**Exercise requirements**
Find the line below with "合并前,贝莱德在资产管理上一" and the line with "Der erste Gang". Output them and the lines between, exactly, but not the pictures.

**Data for processing**
◆ ◆ ◆ ◆

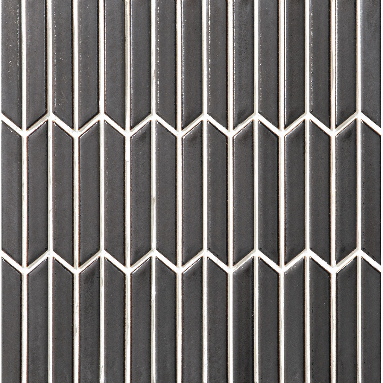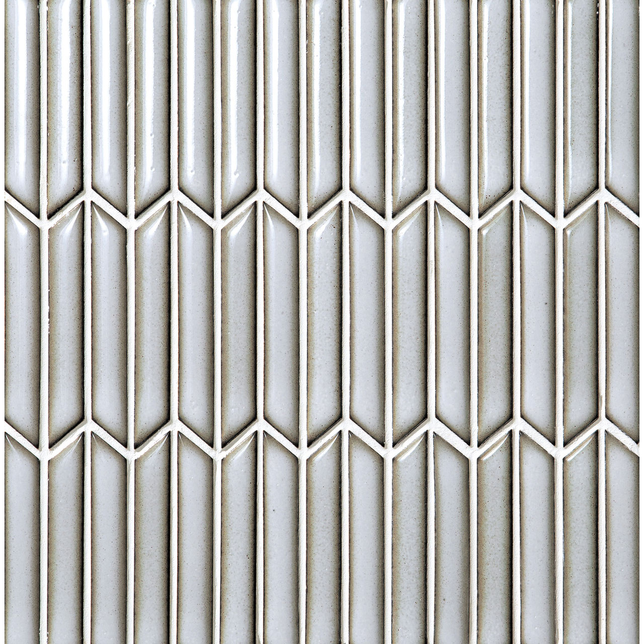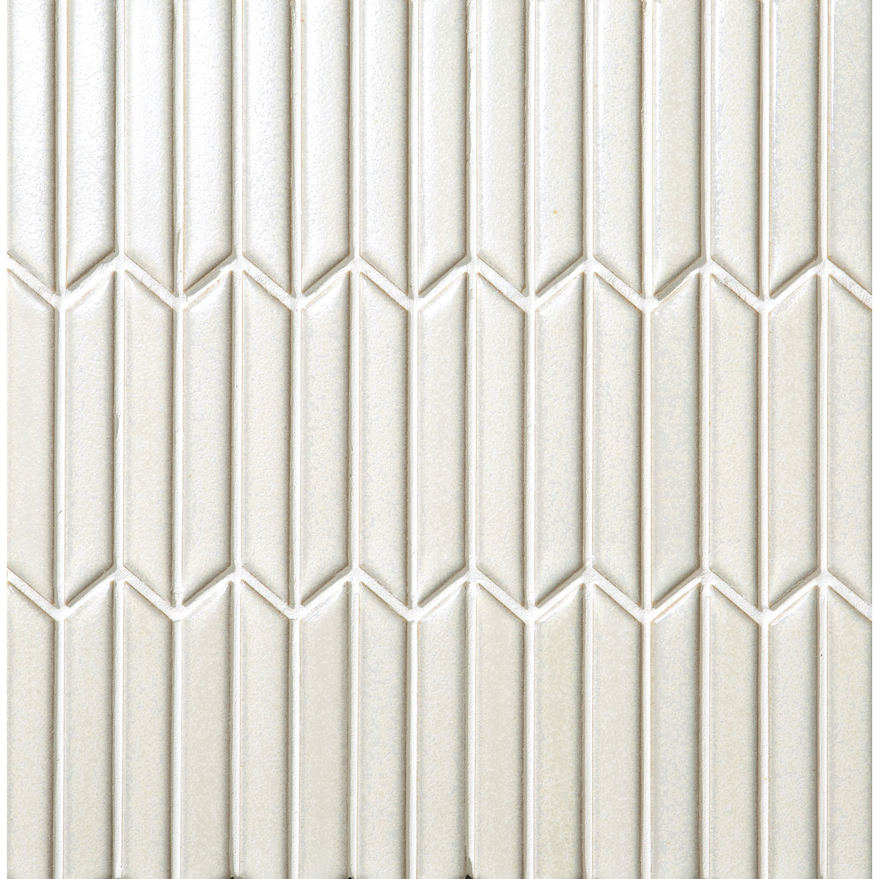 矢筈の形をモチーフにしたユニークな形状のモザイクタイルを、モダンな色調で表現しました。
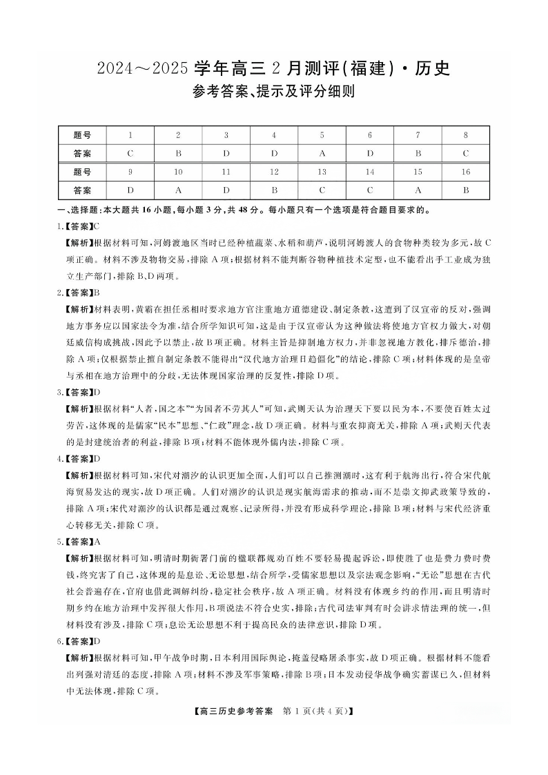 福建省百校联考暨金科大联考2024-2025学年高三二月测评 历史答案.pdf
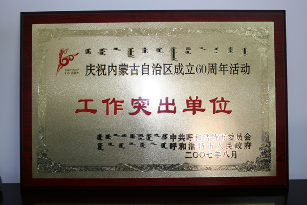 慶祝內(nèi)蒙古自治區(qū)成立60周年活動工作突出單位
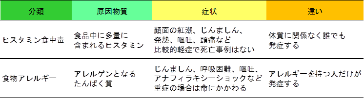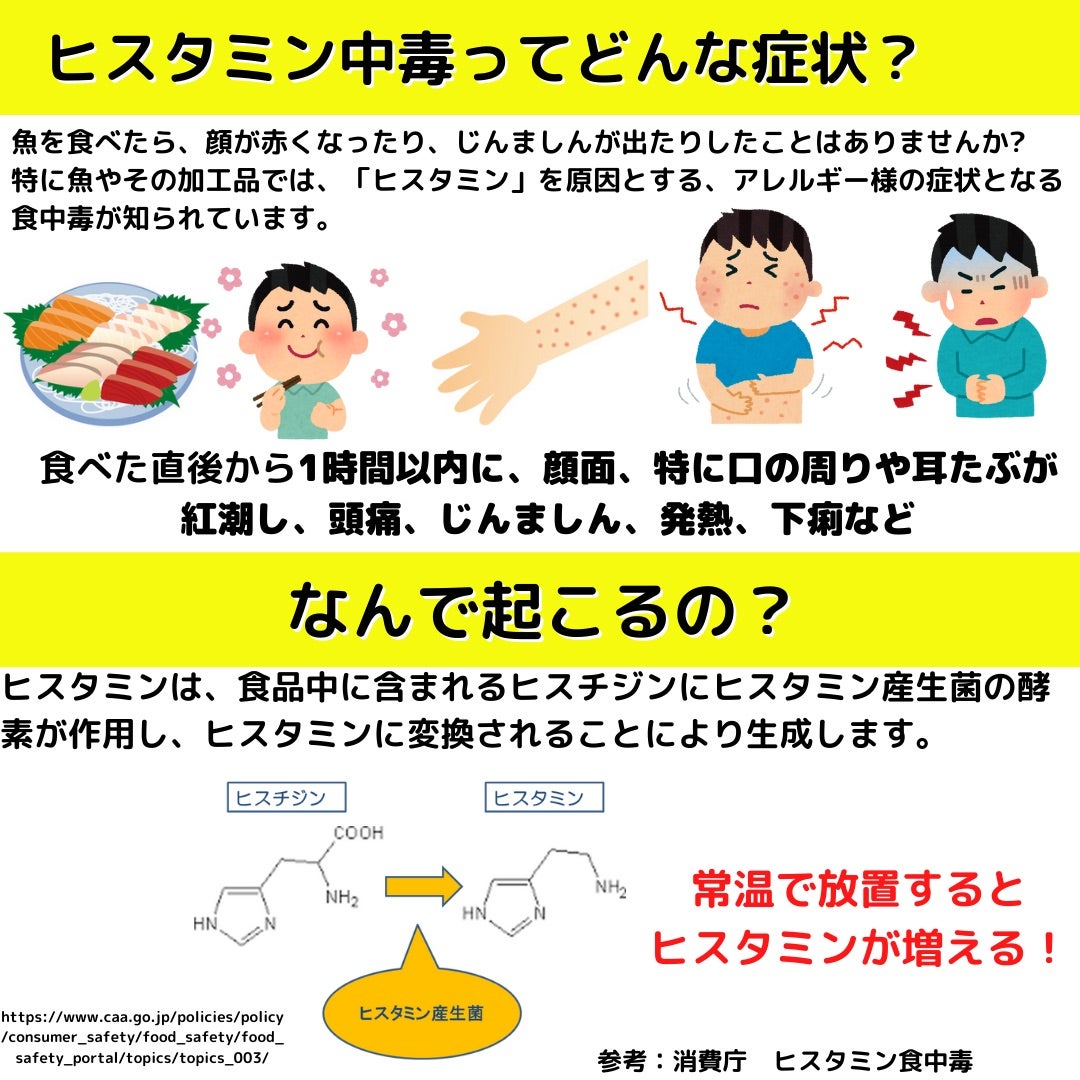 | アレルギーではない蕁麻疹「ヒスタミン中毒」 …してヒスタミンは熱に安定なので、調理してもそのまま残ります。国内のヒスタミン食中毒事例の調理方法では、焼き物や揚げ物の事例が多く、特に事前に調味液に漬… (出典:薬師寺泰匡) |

◆ ◆ ◆ ◆

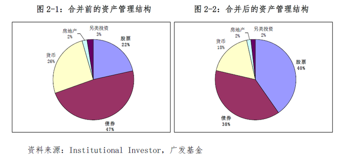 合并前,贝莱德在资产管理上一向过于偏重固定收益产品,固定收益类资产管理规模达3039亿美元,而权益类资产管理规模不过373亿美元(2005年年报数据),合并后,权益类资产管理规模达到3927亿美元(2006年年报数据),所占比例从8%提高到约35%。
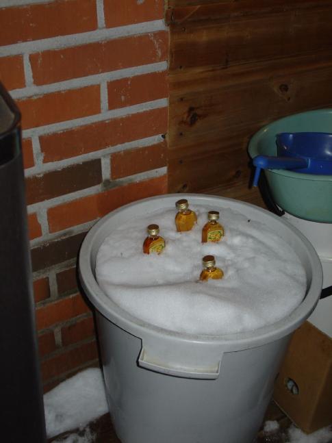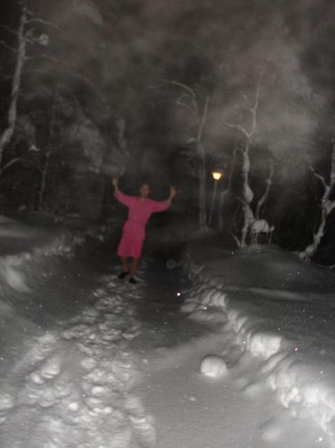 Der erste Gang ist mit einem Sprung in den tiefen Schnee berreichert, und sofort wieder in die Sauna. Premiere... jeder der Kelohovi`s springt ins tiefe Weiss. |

◆ ◆ ◆ ◆

**Answer to the exercise**
 合并前,贝莱德在资产管理上一向过于偏重固定收益产品,固定收益类资产管理规模达3039亿美元,而权益类资产管理规模不过373亿美元(2005年年报数据),合并后,权益类资产管理规模达到3927亿美元(2006年年报数据),所占比例从8%提高到约35%。
 Der erste Gang ist mit einem Sprung in den tiefen Schnee berreichert, und sofort wieder in die Sauna. Premiere... jeder der Kelohovi`s springt ins tiefe Weiss. |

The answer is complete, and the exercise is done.